__Provided data__
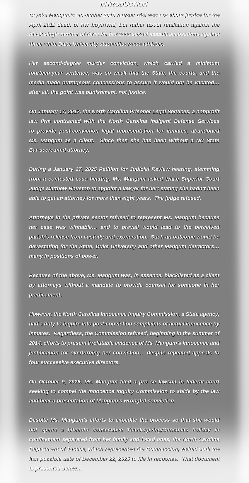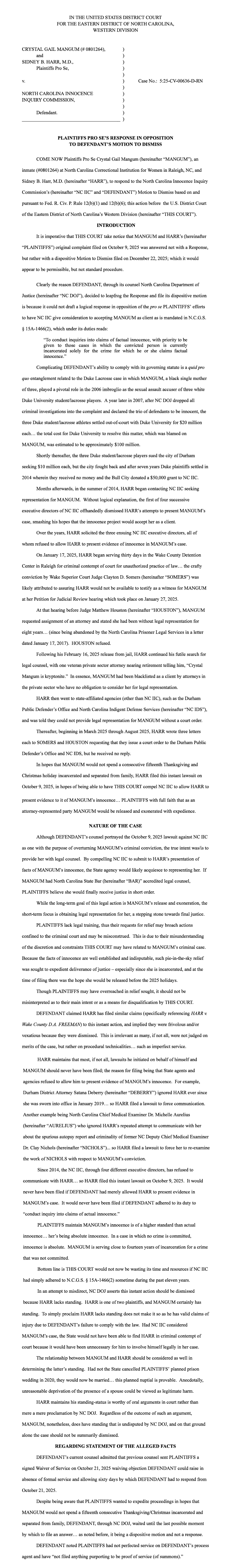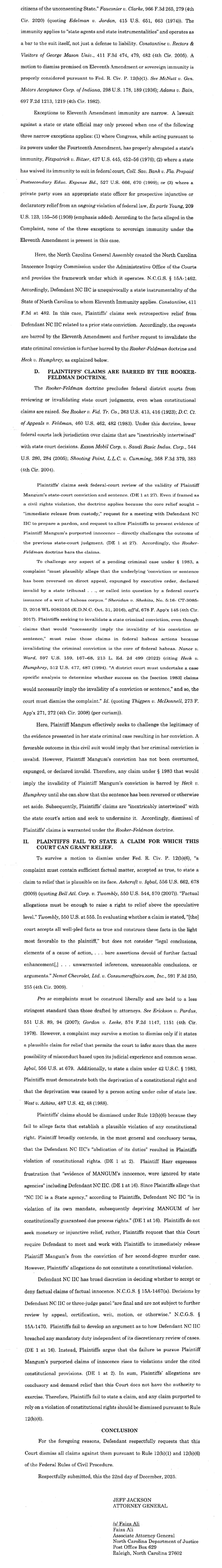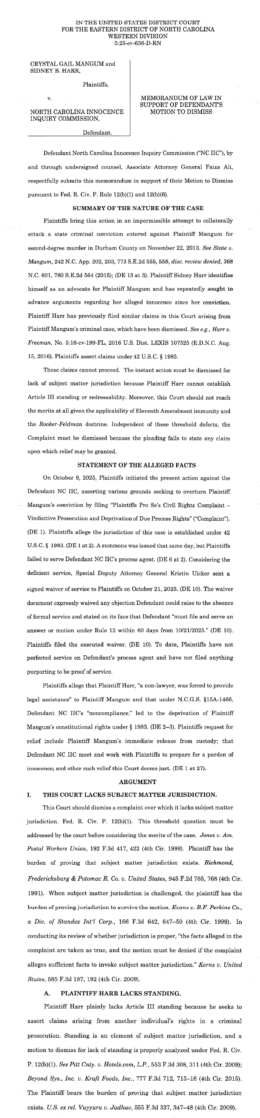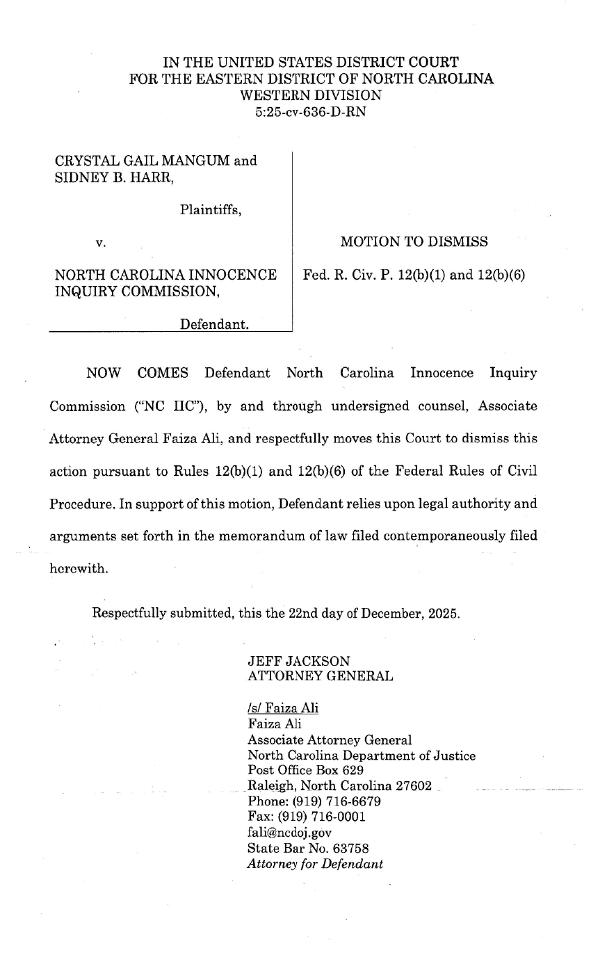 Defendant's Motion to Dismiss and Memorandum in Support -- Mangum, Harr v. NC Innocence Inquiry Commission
==
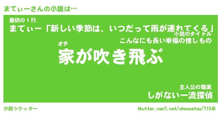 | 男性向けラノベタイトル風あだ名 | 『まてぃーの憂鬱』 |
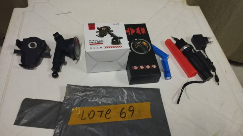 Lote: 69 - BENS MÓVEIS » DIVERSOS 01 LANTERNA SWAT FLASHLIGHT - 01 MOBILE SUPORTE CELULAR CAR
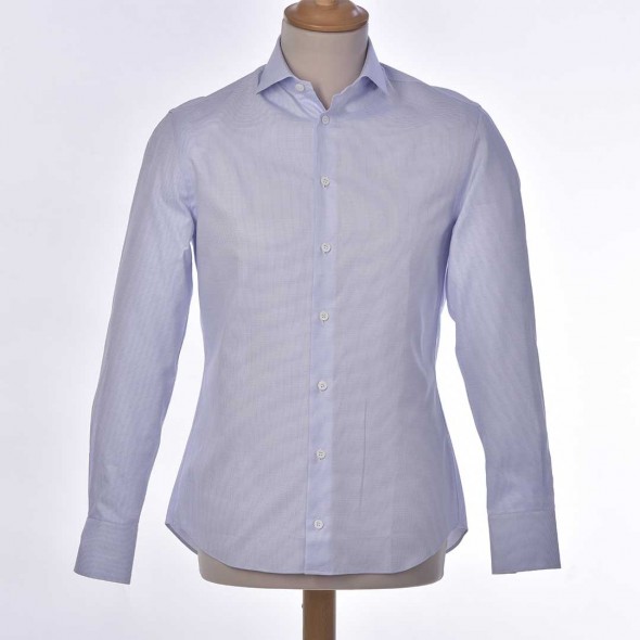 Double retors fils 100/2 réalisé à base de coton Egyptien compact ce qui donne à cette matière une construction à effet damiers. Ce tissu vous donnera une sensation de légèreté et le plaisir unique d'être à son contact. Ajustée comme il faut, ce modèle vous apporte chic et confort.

__Exercise details__
In the listing above, find the line containing "Lote: 69 - BENS" and the line containing "Double retors fils"; print those lines and every line between them exactly, leaving out pictures.

__Output of the task__
 Lote: 69 - BENS MÓVEIS » DIVERSOS 01 LANTERNA SWAT FLASHLIGHT - 01 MOBILE SUPORTE CELULAR CAR
 Double retors fils 100/2 réalisé à base de coton Egyptien compact ce qui donne à cette matière une construction à effet damiers. Ce tissu vous donnera une sensation de légèreté et le plaisir unique d'être à son contact. Ajustée comme il faut, ce modèle vous apporte chic et confort.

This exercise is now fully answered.